- [Task brief] The span to repeat in the listing below runs from the line containing "Der schwarze Rechteckbräter" to the line containing "为深入学习并贯彻党的二十届四", inclusive. Repeat it exactly, and only it.

- [Supplied material]

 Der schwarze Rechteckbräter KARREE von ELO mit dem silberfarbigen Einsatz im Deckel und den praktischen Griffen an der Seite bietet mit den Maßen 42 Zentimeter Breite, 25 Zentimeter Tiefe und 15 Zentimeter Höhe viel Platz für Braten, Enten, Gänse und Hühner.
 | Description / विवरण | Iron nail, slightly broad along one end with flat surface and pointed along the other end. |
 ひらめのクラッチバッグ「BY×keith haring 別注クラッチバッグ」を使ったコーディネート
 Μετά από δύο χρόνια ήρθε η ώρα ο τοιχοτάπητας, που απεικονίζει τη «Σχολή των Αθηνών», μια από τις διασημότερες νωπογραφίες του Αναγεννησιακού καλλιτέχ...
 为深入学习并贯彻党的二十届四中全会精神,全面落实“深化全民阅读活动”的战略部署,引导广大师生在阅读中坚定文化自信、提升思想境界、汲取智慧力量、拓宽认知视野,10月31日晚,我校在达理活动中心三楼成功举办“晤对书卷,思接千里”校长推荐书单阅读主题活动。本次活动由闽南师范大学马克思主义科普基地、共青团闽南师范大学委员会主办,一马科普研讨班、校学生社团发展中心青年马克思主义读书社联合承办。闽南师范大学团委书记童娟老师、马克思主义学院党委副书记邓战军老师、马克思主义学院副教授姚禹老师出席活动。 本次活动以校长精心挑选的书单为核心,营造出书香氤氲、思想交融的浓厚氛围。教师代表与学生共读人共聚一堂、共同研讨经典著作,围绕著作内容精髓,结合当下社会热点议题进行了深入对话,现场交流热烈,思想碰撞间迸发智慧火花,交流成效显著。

==

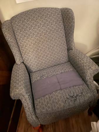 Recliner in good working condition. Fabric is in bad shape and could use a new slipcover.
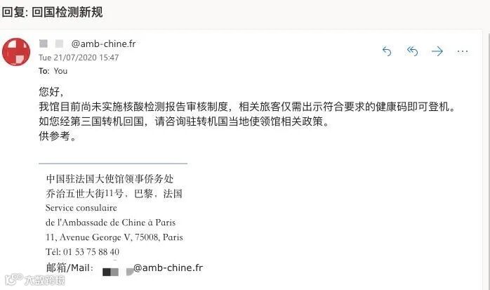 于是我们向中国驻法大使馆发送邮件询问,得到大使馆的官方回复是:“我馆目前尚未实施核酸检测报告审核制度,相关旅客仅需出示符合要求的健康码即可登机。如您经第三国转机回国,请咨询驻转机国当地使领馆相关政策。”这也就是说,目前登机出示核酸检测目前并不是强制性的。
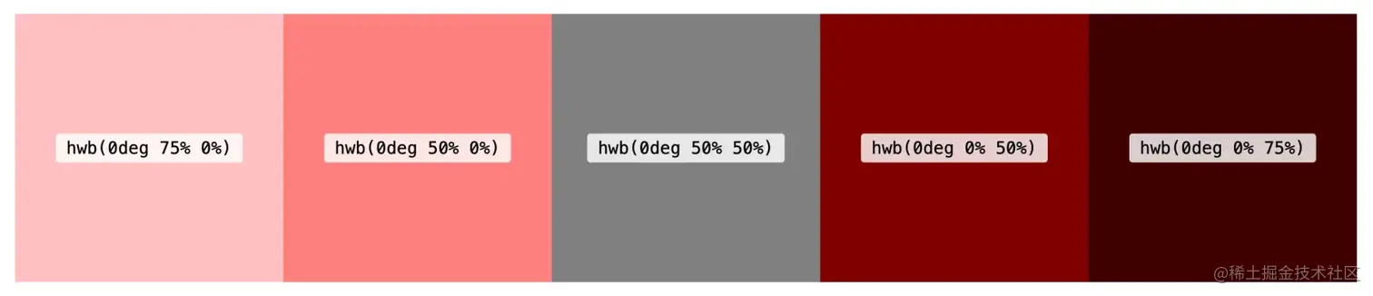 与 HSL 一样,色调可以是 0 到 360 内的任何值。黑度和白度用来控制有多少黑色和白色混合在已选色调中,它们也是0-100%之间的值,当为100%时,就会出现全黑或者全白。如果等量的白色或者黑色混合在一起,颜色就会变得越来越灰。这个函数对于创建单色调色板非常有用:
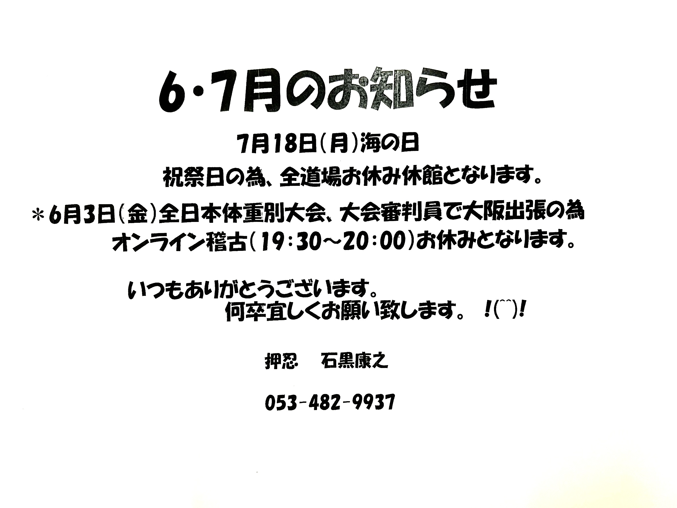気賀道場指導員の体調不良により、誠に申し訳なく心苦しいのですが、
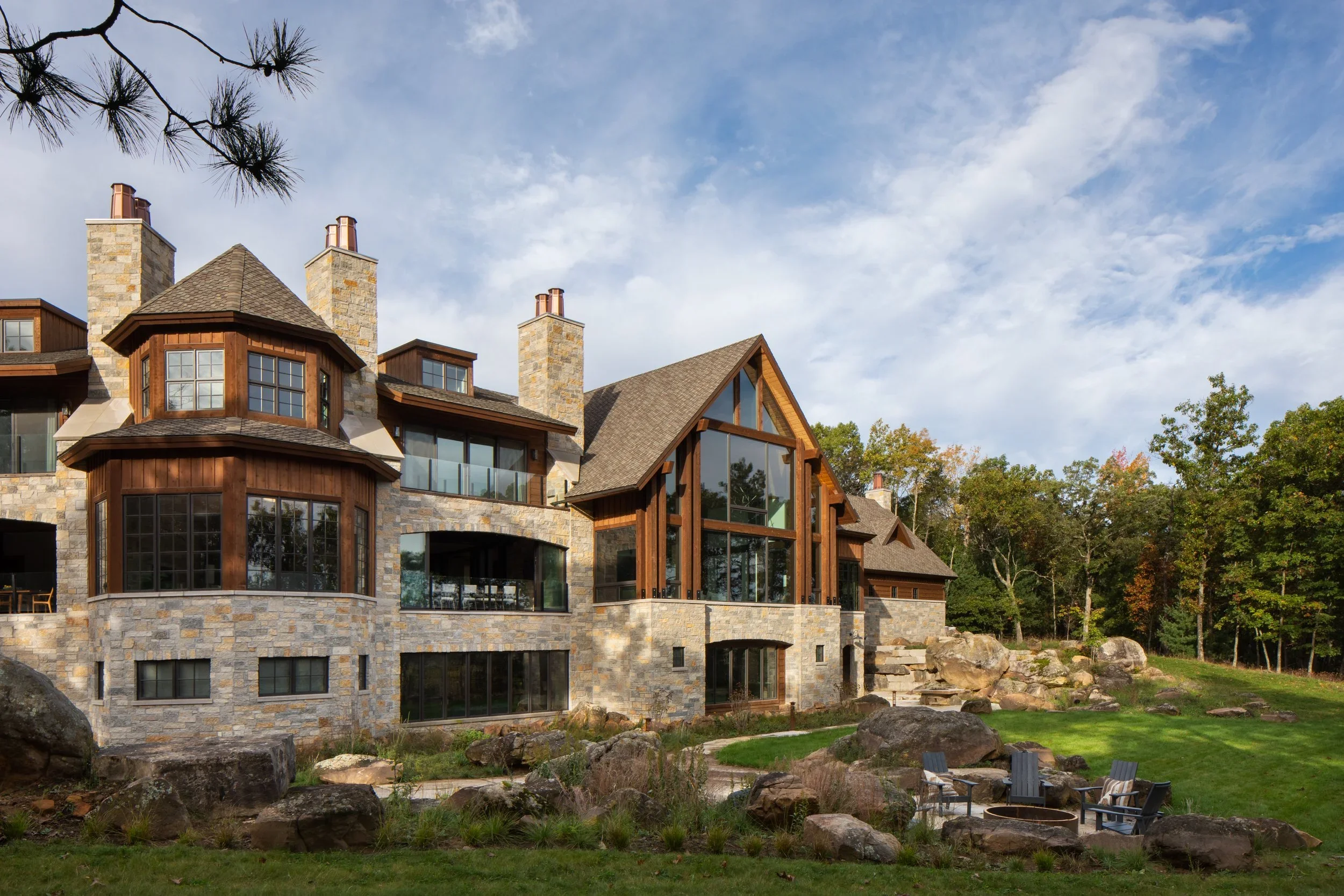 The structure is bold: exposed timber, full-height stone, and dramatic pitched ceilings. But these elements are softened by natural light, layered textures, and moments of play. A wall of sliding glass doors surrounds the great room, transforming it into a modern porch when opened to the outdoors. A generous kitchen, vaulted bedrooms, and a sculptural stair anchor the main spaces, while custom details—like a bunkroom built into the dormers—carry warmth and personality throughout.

---

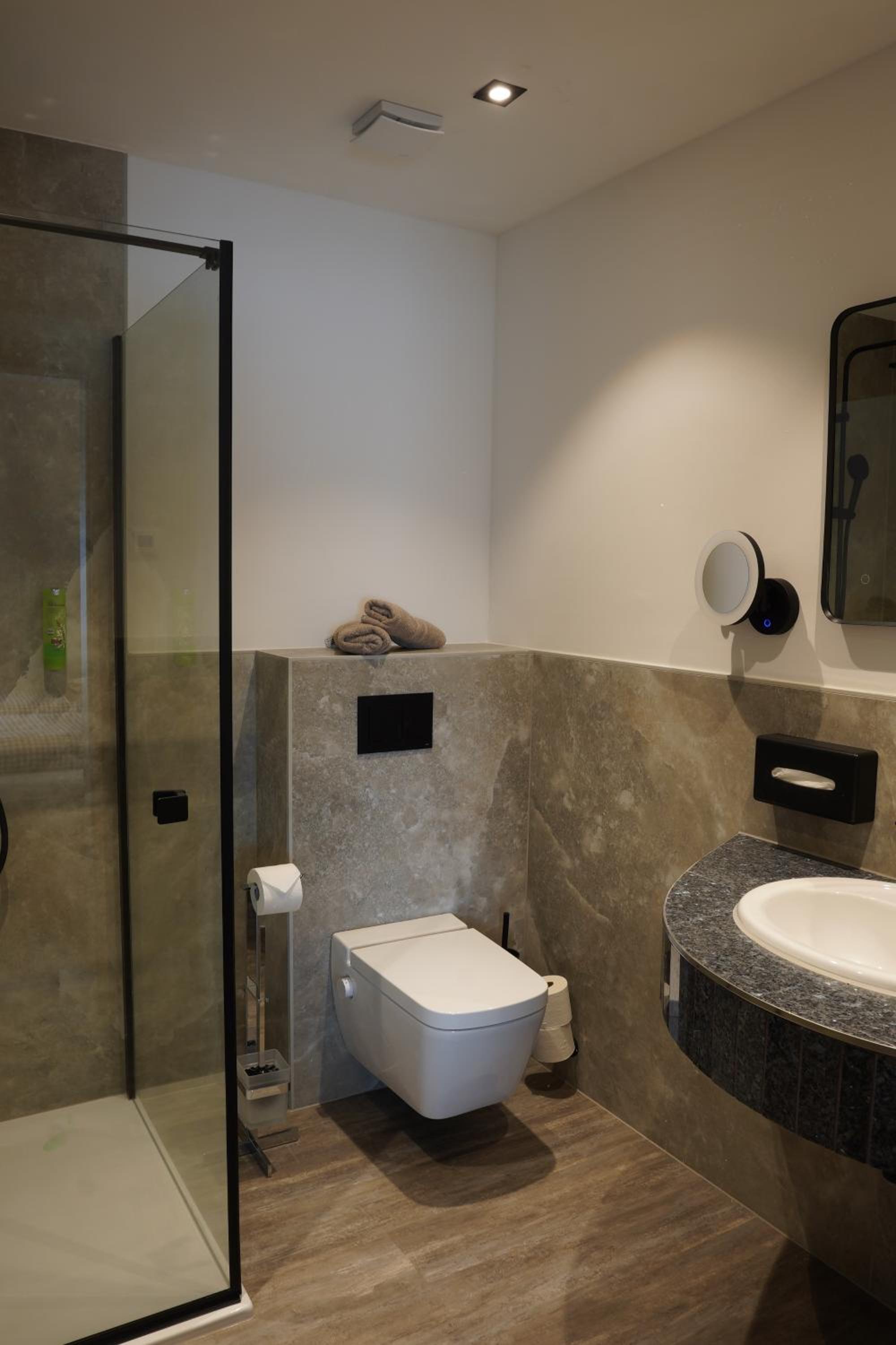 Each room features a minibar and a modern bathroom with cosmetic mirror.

- [Reply to the task]
 Der schwarze Rechteckbräter KARREE von ELO mit dem silberfarbigen Einsatz im Deckel und den praktischen Griffen an der Seite bietet mit den Maßen 42 Zentimeter Breite, 25 Zentimeter Tiefe und 15 Zentimeter Höhe viel Platz für Braten, Enten, Gänse und Hühner.
 | Description / विवरण | Iron nail, slightly broad along one end with flat surface and pointed along the other end. |
 ひらめのクラッチバッグ「BY×keith haring 別注クラッチバッグ」を使ったコーディネート
 Μετά από δύο χρόνια ήρθε η ώρα ο τοιχοτάπητας, που απεικονίζει τη «Σχολή των Αθηνών», μια από τις διασημότερες νωπογραφίες του Αναγεννησιακού καλλιτέχ...
 为深入学习并贯彻党的二十届四中全会精神,全面落实“深化全民阅读活动”的战略部署,引导广大师生在阅读中坚定文化自信、提升思想境界、汲取智慧力量、拓宽认知视野,10月31日晚,我校在达理活动中心三楼成功举办“晤对书卷,思接千里”校长推荐书单阅读主题活动。本次活动由闽南师范大学马克思主义科普基地、共青团闽南师范大学委员会主办,一马科普研讨班、校学生社团发展中心青年马克思主义读书社联合承办。闽南师范大学团委书记童娟老师、马克思主义学院党委副书记邓战军老师、马克思主义学院副教授姚禹老师出席活动。 本次活动以校长精心挑选的书单为核心,营造出书香氤氲、思想交融的浓厚氛围。教师代表与学生共读人共聚一堂、共同研讨经典著作,围绕著作内容精髓,结合当下社会热点议题进行了深入对话,现场交流热烈,思想碰撞间迸发智慧火花,交流成效显著。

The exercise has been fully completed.